### Collected data
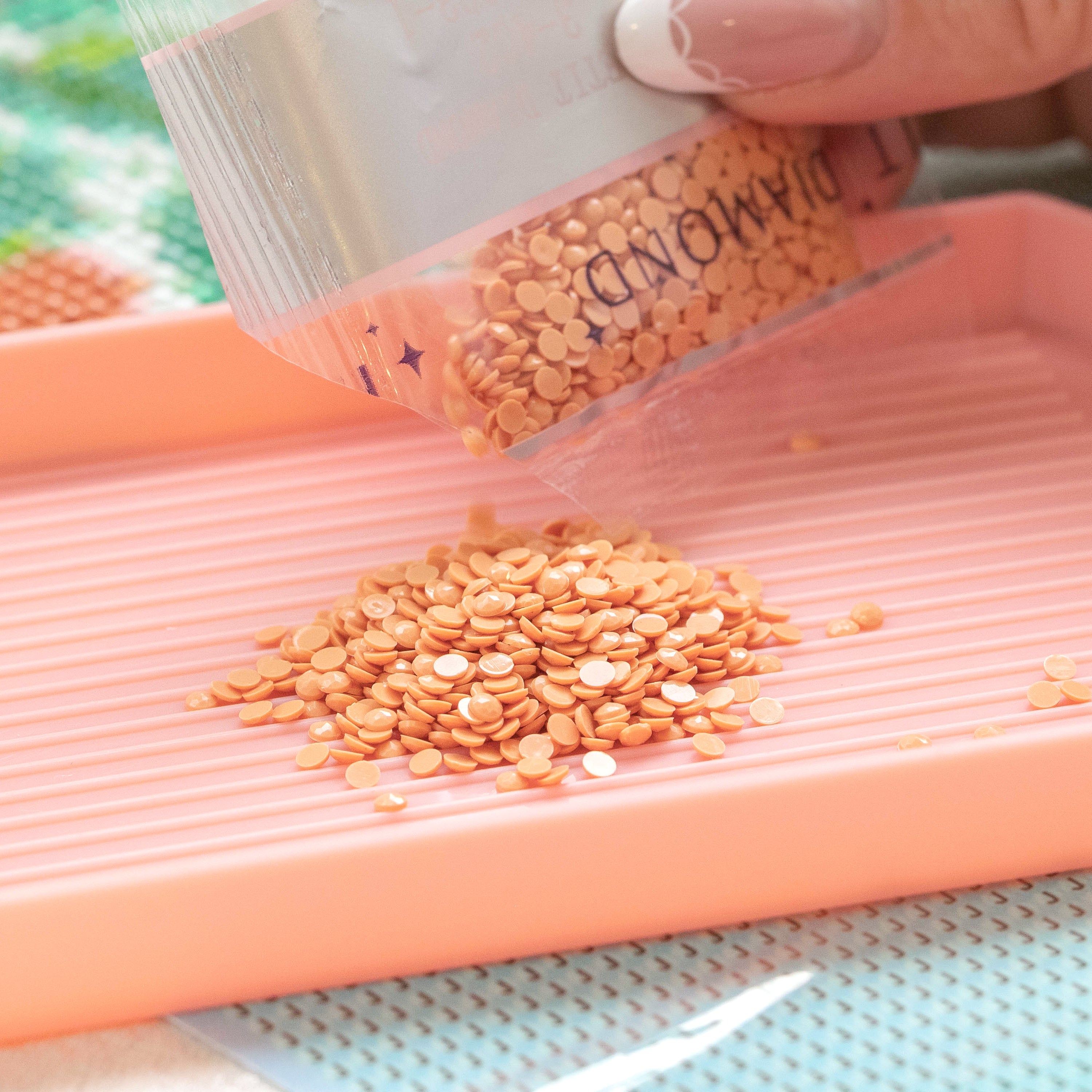 ✦ Tapotez la boîte sur les côtés pour aligner les diamants en rangées avec le côté biseauté des diamants face à vous.
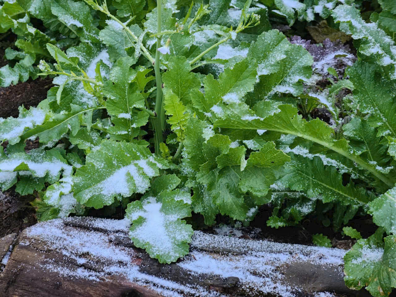 Khoảng 14h15 cùng ngày, tuyết bắt đầu rơi phủ lớp mỏng lên cây cối và đồng ruộng.
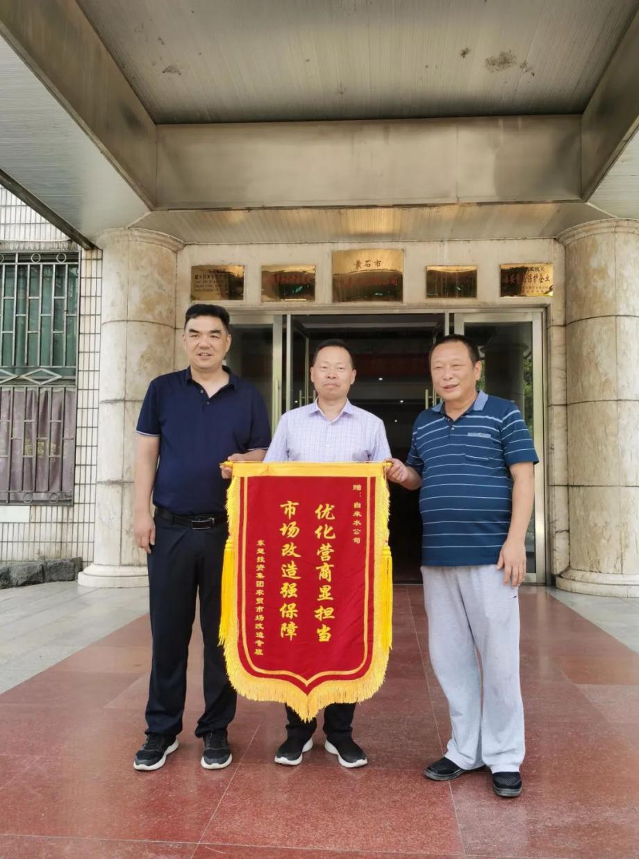 “感謝自來(lái)水公司及時(shí)為我們市場(chǎng)裝好水表,我們新市場(chǎng)才能按時(shí)開(kāi)業(yè)”。7月28日上午,市東楚投資集團農貿市場(chǎng)改造專(zhuān)班將“優(yōu)化營(yíng)商顯擔當 市場(chǎng)改造強保障”錦旗送來(lái)市自來(lái)水有限公司,感謝該公司的“及時(shí)水”化解了農貿市場(chǎng)的“喬遷憂(yōu)”。
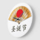 Merry Christmas with Golden Fan Große Wanduhr
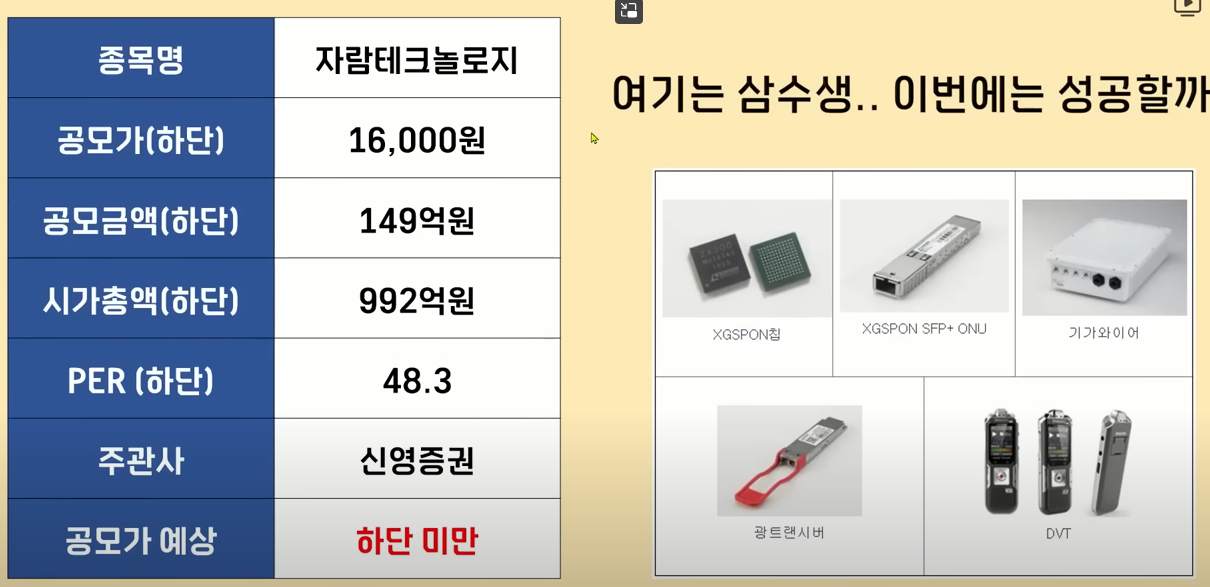 여하튼 종목은 수요 예측 결과가 아주 좋게 나온다면 청약을 하고 아니면 패스를 하려고 합니다. 2월 마지막 종목은 자람테크놀로지입니다. 많이 들어보셨죠 그렇습니다 삼수생입니다. 작년 11월에 수요예측도 하지 않고 그냥 철회를 하더니 12월에 또 등장해서 이번에는 수요예측을 했었거든요 그리고는 또 철회를 했습니다.
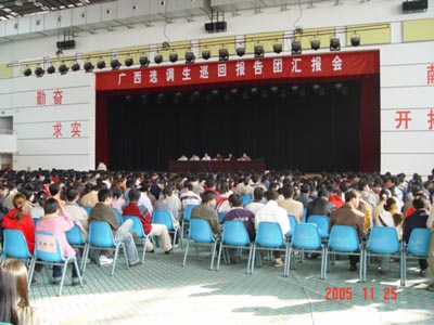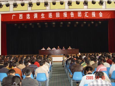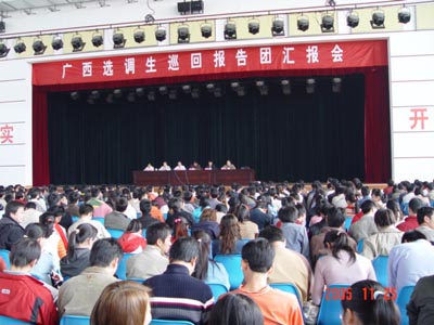 11月24日下午3:00,学院在体育馆三楼举行广西选调生巡回报告会,会议由学院党委张学洪副书记主持,我院全体2006届毕业生以及桂林医学院部分毕业生代表参加了会议。
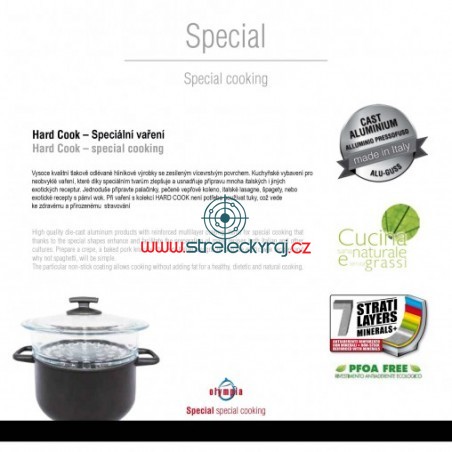 HARD COOK Line - Nádobí běžně nazývané STONE ( kámen ), není pro nás dočasnou módou, ale skutečnou kvalitou! Kolekce pánví, pekáčů a grilovacích pánví vyrobených technologií tlakového lití hliníku. Vysoké hliníkové dno přenáší a udržuje stabilní teplotu i po vyjmutí pánve z plamene; což znamená rovnoměrné vaření a značnou úsporu energie. Vysoká kvalita našeho vícevrstvého nelepivého povrchu zesíleného minerálními částicemi zajišťuje ještě větší nepřilnavost, vysokou odolnost proti otěru a charakteristické vlastnosti podobné vaření na kameni. Při vaření s kolekcí HARD COOK není potřeba používat tuky, což vede ke zdravému a přirozenému stravování. Hrnce a pánve mají rukojeti vyrobené z jednoho kusu odlévaného hliníku, který zajišťuje robustnost a možnost použití přímo v troubě. Při výrobě používáme pouze suroviny certifikované podle evropských předpisů upravujících produkty, které jsou v kontaktu s potravinami. Všechny naše produkty neobsahují látky PFOA, jsou bez niklu, recyklovatelné a šetrné k životnímu prostředí. HARD COOK to jsou pánve a hrnce s dlouhou životností !
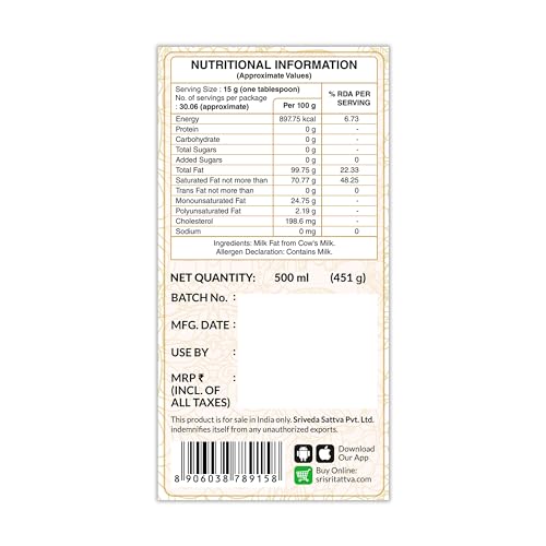 NO PRESERVATIVES NON-GMO: We never compromise on the quality purity and taste of our ghee. Our premium cow's ghee is FSSAI certified which makes it safe for your consumption.
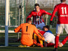 Þróttari liggur niðri í vítateig þeirra eftir að leikmenn raða sér upp fyrir að taka horn. Allt í einu er Arnar Darri brjálaður og allir leikmenn leiksins eru að ýta hvor öðrum inn í markinu. Dómarinn hleypur að markinu og róar þá niður.
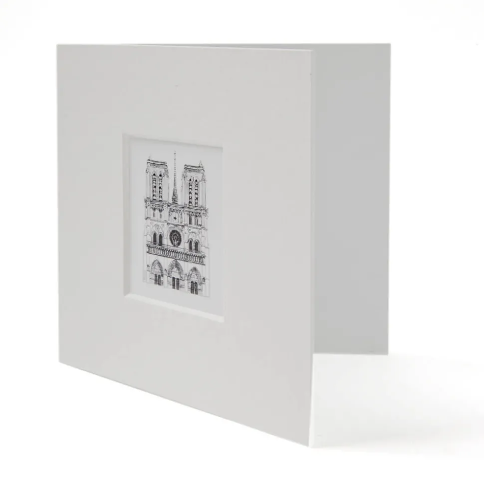 Une délicate carte double 12x12cm, avec passe partout de couleur crème. Cette carte double représentant la majestueuse façade occidentale de la cathédrale Notre-Dame de Paris. Que ce soit pour une occasion spéciale ou pour transmettre un message empreint de sens, cette carte saura toucher le cœur de vos proches.
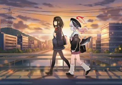動画で夕焼けの中で帰宅で一緒に歩く2人のコハル
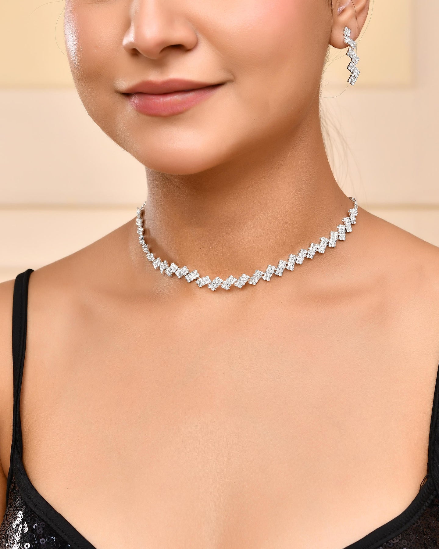 Enhance Your Everyday Elegance With This Silver Plated Stones Studded Minimal Designed Jewellery Set. Featuring Subtle Stone Accents And A Sleek, Modern Design, This Set Includes A Delicate Necklace And Matching Earrings. Perfect For Casual Wear Or Understated Occasions, It Adds A Touch Of Refined Sophistication To Any Outfit.
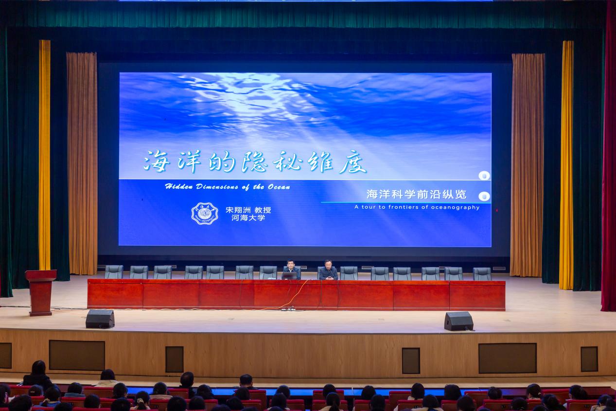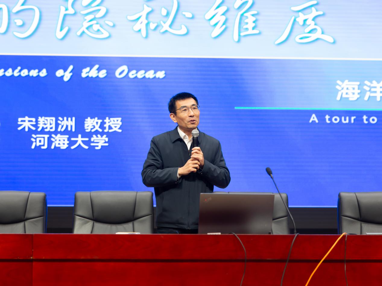 宋翔洲副校长为全体高三学生讲授色漫 金课《海洋的隐秘维度》,讲座兼具学术深度与科普温度。作为海洋科学领域的权威专家,宋翔洲副校长用仿真动画、生动案例、风趣语言,从大洋环流“大动脉”、中尺度过程“动脉树”、亚中尺度过程“毛细血管”、内波与混合“细胞”维度揭秘了海洋科学的前沿动态,科普了虚拟仿真、卫星遥感等探测利器从盲人摸象到洞若观火的贡献,揭示了海洋变暖、极端天气等挑战。讲座深刻诠释了新时期向海图强的战略意义,全场师生沉浸式体悟到河海金课的育人情怀与学术底蕴。

### Action item
Going by the entries above, repeat exactly the lines that start at the line with "여하튼 종목은 수요 예측" and go on through the line with "11月24日下午3:00,学". Pictures are not part of the copy.

### Expected output
 여하튼 종목은 수요 예측 결과가 아주 좋게 나온다면 청약을 하고 아니면 패스를 하려고 합니다. 2월 마지막 종목은 자람테크놀로지입니다. 많이 들어보셨죠 그렇습니다 삼수생입니다. 작년 11월에 수요예측도 하지 않고 그냥 철회를 하더니 12월에 또 등장해서 이번에는 수요예측을 했었거든요 그리고는 또 철회를 했습니다.
 11月24日下午3:00,学院在体育馆三楼举行广西选调生巡回报告会,会议由学院党委张学洪副书记主持,我院全体2006届毕业生以及桂林医学院部分毕业生代表参加了会议。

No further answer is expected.